Tuesday, March 26, 2019

Reviled predator, often a target of ‘coyote whacking,’ is gaining a flicker of respect

It’s a small speck of brown moving across a seemingly endless valley of snow. The valley is so silent and so frigid, it feels as if the slightest sound could crack the sky. Franz Camenzind is unbothered by the cold. He lines up his spotting scope atop a tripod and moves it slowly, left to right. He stops, focuses. A smile creeps beneath his beard. A trio of coyotes is trotting around the carcass of a dead elk. Ravens flit around, taking nibbles. One coyote dives in and pulls at the meat. The elk around them barely even glance over. “Coyotes are incredible,” the biologist says. “They’re smart, cunning and incredibly adaptive. I admire them.” That has scarcely been the main sentiment aimed at coyotes, seen as villains in popular culture and vermin by cattle ranchers and killed in myriad ways. But things finally may be looking up for the coyote. New Mexico Gov. Michelle Lujan Grisham is awaiting the arrival of a bill that passed both legislative chambers this month that would eliminate coyote hunting contests — making it the third state after California and Vermont to initiate such a ban.
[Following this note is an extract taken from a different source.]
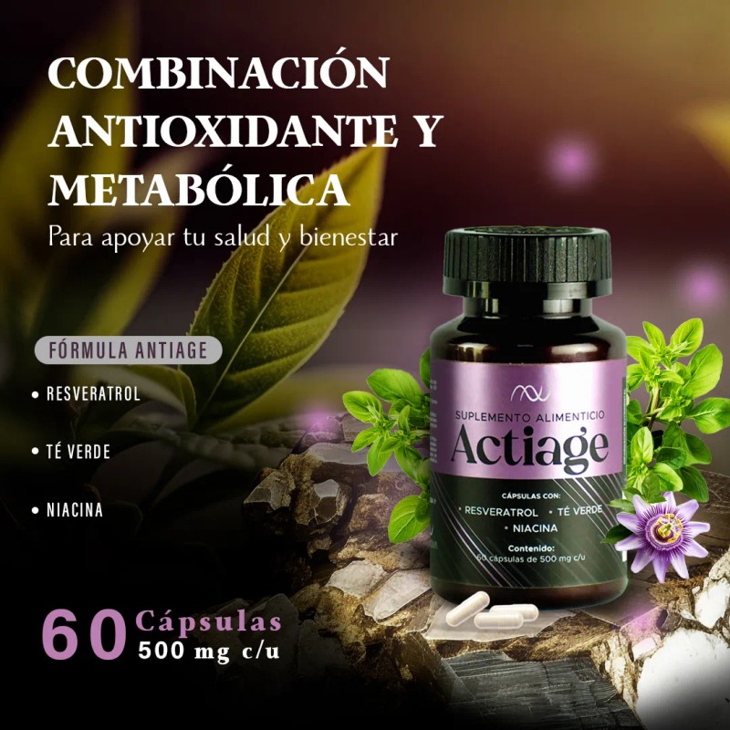 🌿💊 Resveratrol con Té Verde y Niacina | Actiage | Nutrinova es una poderosa fórmula antioxidante diseñada para proteger tu salud celular 🧬, aumentar tu energía diaria ⚡ y apoyar tanto tu sistema inmunológico 🛡️ como el cardiovascular ❤️.

Grisham, a Democrat who took over from Republican Gov. Susana Martinez, has until April 5 to sign it. This year, bills to ban “coyote whacking” — killing the animals by running over them with snowmobiles — were introduced for the first time in the legislatures of Wyoming and Montana, hardly coyote-friendly refuges. However, neither bill got to a vote in the legislatures. And national nonprofit groups mostly focused on wolf repopulation have increasingly been adding coyotes in their call to action releases...MORE

They should have that "small speck of brown" in their city parks and playgrounds. The "smart, cunning and incredibly adaptive" coyote would do just fine.